A aldeia
global tornou-nos apenas próximos: não nos apresentou uns aos outros. Passamos
a partilhar uma quantidade colossal de informações, mas continuamos perfeitos
estranhos. Quanto muito tem crescido o voyeurismo que sobrevoa a existência
alheia e nos dispersa da nossa.
Às nossas sociedades hipertecnológicas faltam
os protocolos de encontro que, por exemplo, integravam com a maior naturalidade
o quotidiano das sociedades primitivas. Entre os povos do deserto, quando os
desconhecidos eram aceites como hóspedes, seguia-se este ritual de aproximação:
“Considera-te bem-vindo! Recebe as minhas saudações. Como prosseguem os teus
dias? Como vão os filhos de Adão? E a tua família? E a tua tenda? E a tua
gente? E a tua mãe? E tu, como corre a viagem que estás a realizar?” Percebe-se
que acolher implicava escutar o outro em profundidade. É isso que está em jogo
num genuíno encontro. As fórmulas podem ser mais longas ou mais breves, mas o
fundamental é que um espírito de cerimónia persista, pois ele humaniza as
nossas trajetórias. Na Bíblia hebraica encontramos o “Quem és? De onde vens?

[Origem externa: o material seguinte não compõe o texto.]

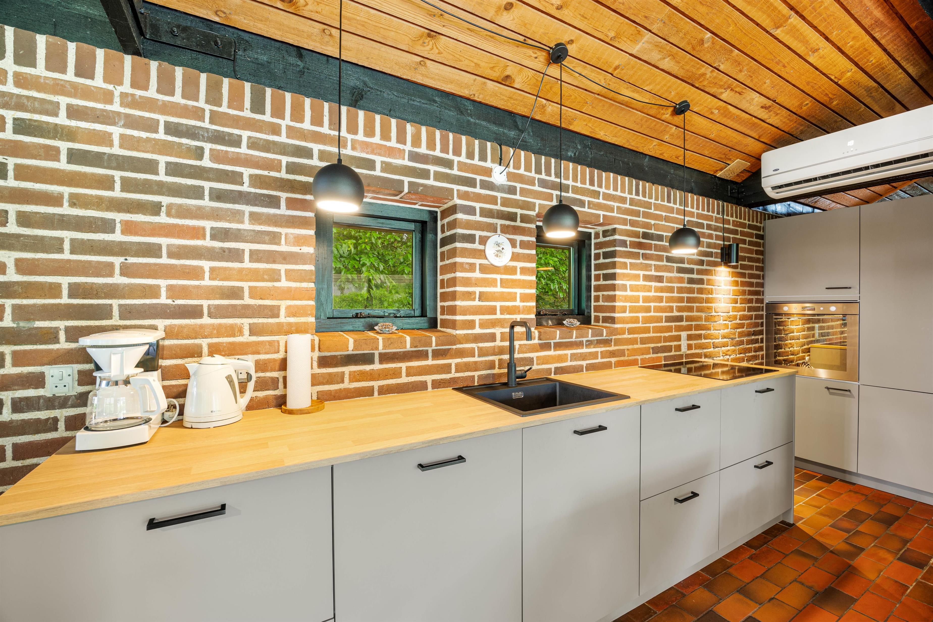 Køkkenet er udstyret med en opvaskemaskine, der tager sig af opvasken, så I kan bruge mere tid på afslapning og hygge. Den hyggelige stue med både pejs og pejseindsats skaber en varm atmosfære, og her kan I nyde afdæmpede aftener i godt selskab.
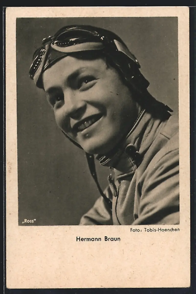 AK Schauspieler Hermann Braun lächelnd mit Fliegerbrille porträtiert

Para onde vais?” trocado, com cordial curiosidade, entre viandantes. Os gregos
e romanos, por seu lado, vulgarizaram o aperto de mão, como se pode ver nos
monumentos figurativos e sobretudo nas estelas funerárias. O beijo é
praticamente uma importação do Oriente. Mas tanto gregos como romanos mantinham
também o hábito de favorecer os seus interlocutores com felizes augúrios,
herança que apenas em parte conservamos: o grego χαῖρε, “alegra-te” ou ἔρρωσο,
“sê em toda a tua força”; o latino Ave, “Deus te salve!” ou Vale, “que tenhas
saúde!”. As fórmulas de cumprimento tornaram-se tão sincopadas a Ocidente que
perderam a sua força expressiva. A maior parte das vezes são hoje repetidas de
maneira automática. Por isso sabe bem recordar outras possibilidades: como
entre os etíopes, onde se recorre a um termo que significa “Vejo-te” ou entre
os ameríndios, que usam uma expressão que diz qualquer coisa como “Recebo agora
o teu cheiro”. O protocolo de encontro tem ainda uma plasticidade visceral que
demonstra a centralidade que ocupa nessas práticas sociais. Facto que soará
estranhíssimo numa época como a nossa em que nos tornamos cosmopolitas, de uma
hora para outro, só porque esbarramos com mais estranhos na rua, sem aumentar o
número de vezes que dizemos “bom-dia”.
As
fórmulas mais belas de saudação que conheço são as trocadas entre os padres do
deserto. Aqueles anacoretas, exploradores de silêncios abissais, tinham como
ideal tornarem-se irreversivelmente estranhos ao modo comum de atravessar a
terra, e viver exatamente “como um homem que não existe”. Mas eles, que
comunicavam por monossílabos e gestos para não ferir a ciência sagrada do
silêncio, nas ocasiões em que se encontravam faziam-no com solenidade máxima:
“Ave, guardião da manhã, montanha inacessível”; “Ave, coluna que sustentas com
a tua solidão o inteiro universo”.
Porém, não
nos equivoquemos. As fórmulas com que o verbo saudar se expressa são, afinal, a
parte mais ínfima da equação. O que é verdadeiramente decisivo para ativá-lo é
a passagem do “esse” e do “ele” ao “tu”, que o filósofo Martin Buber explica
assim: “Se encarar um ser humano como o meu ‘tu’, se o introduzir na relação fundamental
‘eu-tu’, ele deixa de ser uma coisa entre coisas... Não me perco a analisar e a
pôr à prova o homem a quem digo tu. Entro em relação com ele, na sacrossanta
palavra fundamental... Aqui se encontra o berço da vida verdadeira”.